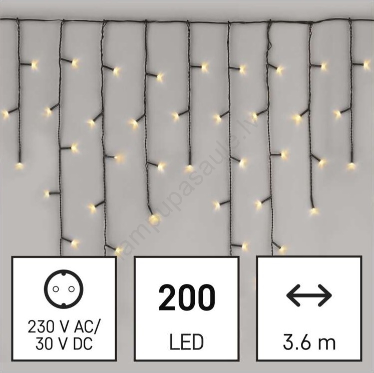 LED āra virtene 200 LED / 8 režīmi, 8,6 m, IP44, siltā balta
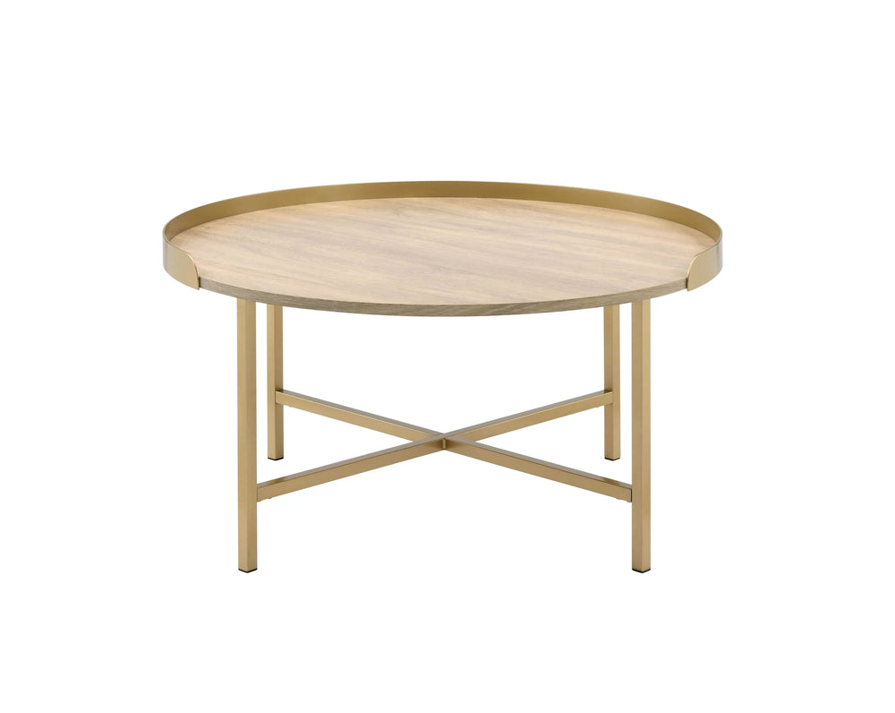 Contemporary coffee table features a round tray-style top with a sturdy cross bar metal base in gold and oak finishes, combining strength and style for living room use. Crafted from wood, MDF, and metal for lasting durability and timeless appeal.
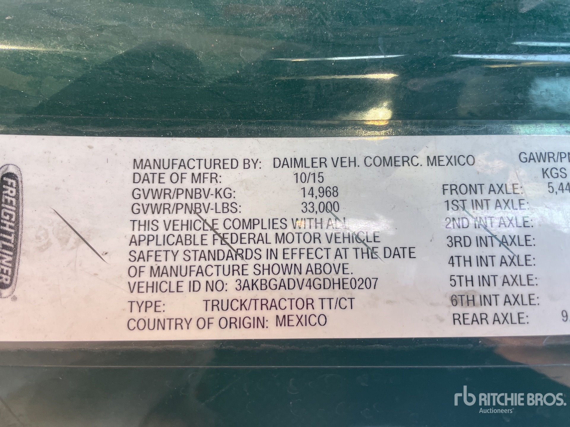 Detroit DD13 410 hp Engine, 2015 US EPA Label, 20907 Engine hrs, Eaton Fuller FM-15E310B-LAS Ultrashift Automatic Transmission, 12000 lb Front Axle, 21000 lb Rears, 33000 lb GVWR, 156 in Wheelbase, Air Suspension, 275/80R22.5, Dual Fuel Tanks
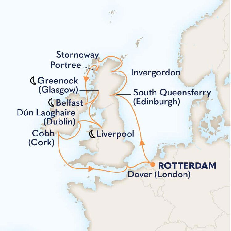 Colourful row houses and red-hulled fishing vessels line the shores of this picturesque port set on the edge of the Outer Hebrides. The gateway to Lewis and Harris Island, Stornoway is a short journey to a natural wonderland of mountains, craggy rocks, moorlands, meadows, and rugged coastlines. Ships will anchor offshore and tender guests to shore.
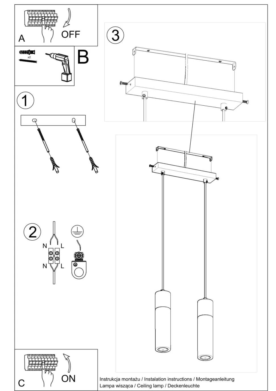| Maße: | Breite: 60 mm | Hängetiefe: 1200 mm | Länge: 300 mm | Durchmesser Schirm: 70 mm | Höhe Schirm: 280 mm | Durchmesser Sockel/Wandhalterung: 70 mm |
○ ○ ○ ○ ○ ○ ○
From the data above, return exactly the lines from the one with "Contemporary coffee table" up to and including the one with "Detroit DD13 410". Pictures do not go in the copy.

 Contemporary coffee table features a round tray-style top with a sturdy cross bar metal base in gold and oak finishes, combining strength and style for living room use. Crafted from wood, MDF, and metal for lasting durability and timeless appeal.
 Detroit DD13 410 hp Engine, 2015 US EPA Label, 20907 Engine hrs, Eaton Fuller FM-15E310B-LAS Ultrashift Automatic Transmission, 12000 lb Front Axle, 21000 lb Rears, 33000 lb GVWR, 156 in Wheelbase, Air Suspension, 275/80R22.5, Dual Fuel Tanks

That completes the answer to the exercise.